A continuous high-frequency motion capture system in the intensive care setting produces a high-dimensional dataset that is also valuable for data-driven research projects. Profiles of motor activity in SBI are poorly understood and decoding specific features of motion in the time-, frequency-, and wavelet-domains can open a window on internal neurological states. Accelerometry-based features may elucidate fundamental mechanisms underlying the strong association between physical activity and clinical outcomes, and we aim to collect more data in the NIMS project to enable the research and development of motion as a quantitative marker of functional recovery for SBI.

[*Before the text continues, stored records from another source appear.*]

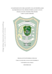 Sundari, Sinta (2022) Analisis Kesulitan Belajar Siswa Dalam Mempelajari Materi Biologi Pada Proses Pembelajaran Online Di Kelas XI SMA Negeri 4 Pekanbaru Tahun Ajaran 2020/2021. Other thesis, Universitas Islam Riau.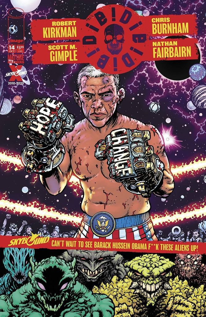 END OF STORY ARC President Obama has to fight for his life...and the fate of the planet Earth! We promise this ties in with the normal comic in some very cool ways. Trust us. That said, if you've never tried this series before, this would be a fun standalone issue to try out. It's nuts. I'm glad we had this talk. Let's do this more often.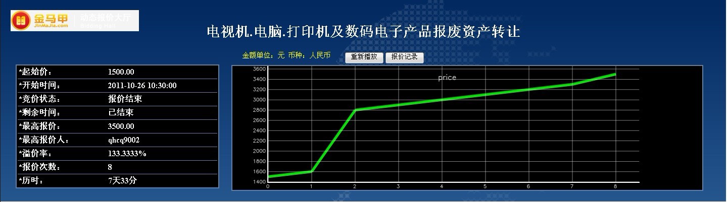 此次活动共有10位竞买人参加网络竞价,起拍价为1500.00元,经过8次报价,最终以3500.00元成交,项目增值率133%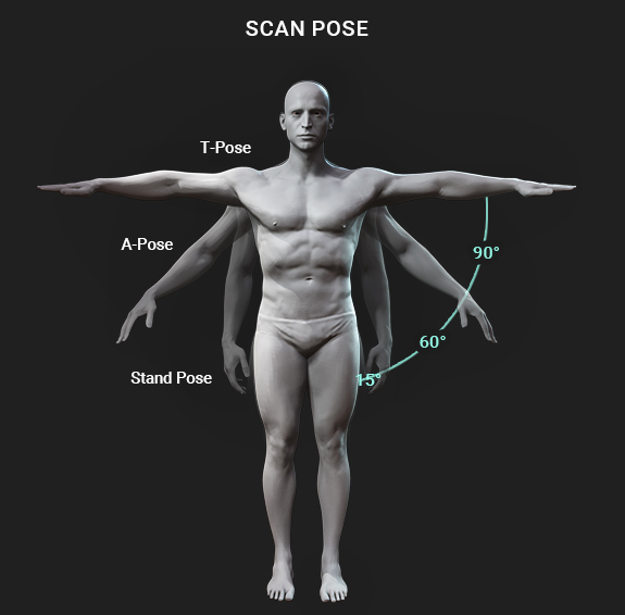 AccuRIG is highly optimized for all kinds of A-poses, and Scan poses as it recognizes 3D scanned humans with varying palm facing directions and raised arm angles. AccuRIG automatically analysis joints and corrects axis with high accuracy - saving studios time and labor costs from repetitive and manual rigging process.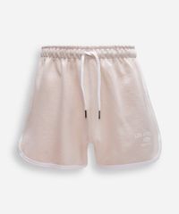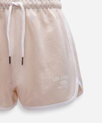 Short confeccionado em moletinho de algodão. Possui modelagem reta, caimento solto, comprimento curto, detalhes com viés em cor contrastante, cintura média, cós com elástico embutido, cordão para ajuste e amarração com ponteiras metalizadas, detalhe com estampa "Los Angeles" e fendas laterais sutis.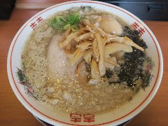 RAMEN GOSSOU | ラーメン | 東京都新宿区早稲田鶴巻町 | ★★ (2016.12.17) | 普通 | ![]() | 早稲田駅から5分ほど、早大通り沿いにあります。ラーメン屋には見えない洒落た外観です。店内は、カウンター席が7つ、狭いです。新しくきれいで明るいです。特製ラーメン(980円)を注文しました。海苔(5枚)、チャーシュー、メンマ、水菜、刻みネギ、柚子、別皿で、味玉、チャーシュー(2枚)が出されます。チャーシューは低温調理、1枚が大きくてブラックペッパーがかかっていました。美味しいチャーシューです。麺はやや太めで縮れていました。スープは、動物系と魚介系を合わせてコクがあって濃厚、美味しいです。他には、ホタテの塩らーめん、つけめんなどがありました。 |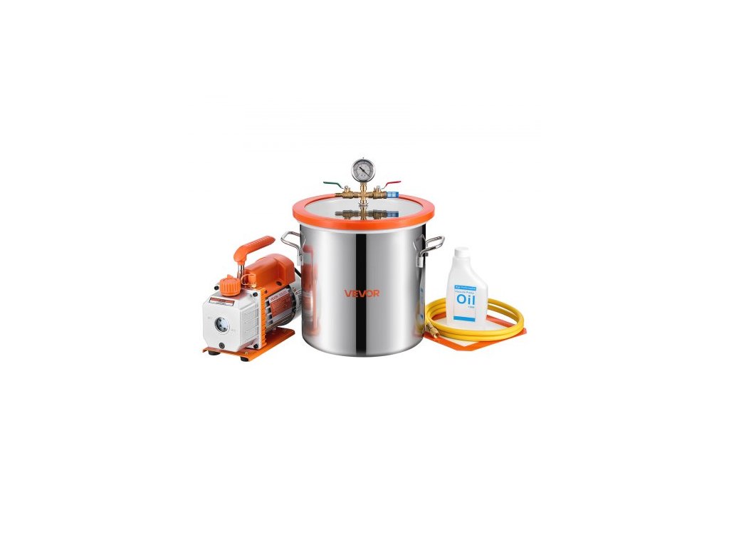 Vakuová komora VEVOR 11,36 l s čerpadlem, 3,5 CFM 99 l/min, jednostupňové vakuové čerpadlo, sada odplyňovací komory z nerezové oceli, víko z tvrzeného skla, hadice 1,5 m, pro stabilizaci dřeva, odplyňování silikonovou pryskyřicí

More generally, the critical care setting is a fertile ground for the development of advanced computational methods and applications of artificial intelligence for monitoring and decision support37. Patients are typically interfacing with physiological monitoring systems that generate a large volume of data whose complexity may overwhelm human interpretation alone but may be ideal for the training of analytical systems38. Since critical care specialists typically must make time-sensitive decisions for multiple patients at the same time39, we expect that a near-real-time computational framework assessing motion features alongside other time-series data continuously could provide valuable decision support. We expect that ongoing and subsequent iterations of this work will enable integration of computational physical activity features into the framework of monitoring and prognostication in the critical care setting.
Study limitations
We recognize several limitations in this work that need to be addressed. Our statistical analyses and retrospective validation of GCSm detection and GOSE prediction were performed on a limited sample size (n = 69 patients) from a single institution and intensive care facility. Further validation will require repeated trials on larger patient populations across multiple centers. There are also improvements to be done to the sensor itself. The planar dimensions of our currently used accelerometer (42 mm × 32 mm) can be reduced further to increase the resolution of localized motion capture. Furthermore, since accelerometry measurements depend on the orientation of the accelerometer with respect to the vertical (gravitational axis), additional modalities of motor output (i.e., gyroscopy and electromyography) could be integrated into the sensor system to inform computational models on the precise arrangement and neural activation of body segments. This would allow us to derive more physiologically relevant features that correspond to validated models of nervous system injury or disease6. We also recommend the development of sensors with higher sampling frequencies (≥40 Hz) to capture extremely fine or fast movements of digits or lower extremities. Additionally, GCSm itself has been criticized for lack of standardization among practitioners40, 41. GCSm scores for this work were extracted automatically from EHR and were measured from multiple practitioners across the Johns Hopkins Hospital Neurosciences Critical Care Unit (NCCU) staff. Moving forward, we aim to supplement clinical validation of the motion features with multifactorial associations with other consciousness, functional, cognitive, psycho-behavioral, symptomatic, and social outcome scales of SBI patients42.
METHODS
Study population and experimental protocol
This work was conducted with approval from the Johns Hopkins Medicine Institutional Review Board (IRB00135674) and written informed consent from patients or surrogates. We prospectively enrolled 72 patients admitted to the NCCU who met the following criteria: age ≥ 18 years, SBI defined as an acute brain injury or illness resulting in impaired consciousness, absence of injuries or lesions involving the extremities, and not expected to die or have withdrawal of life-sustaining therapies in the 24 hours following enrolment.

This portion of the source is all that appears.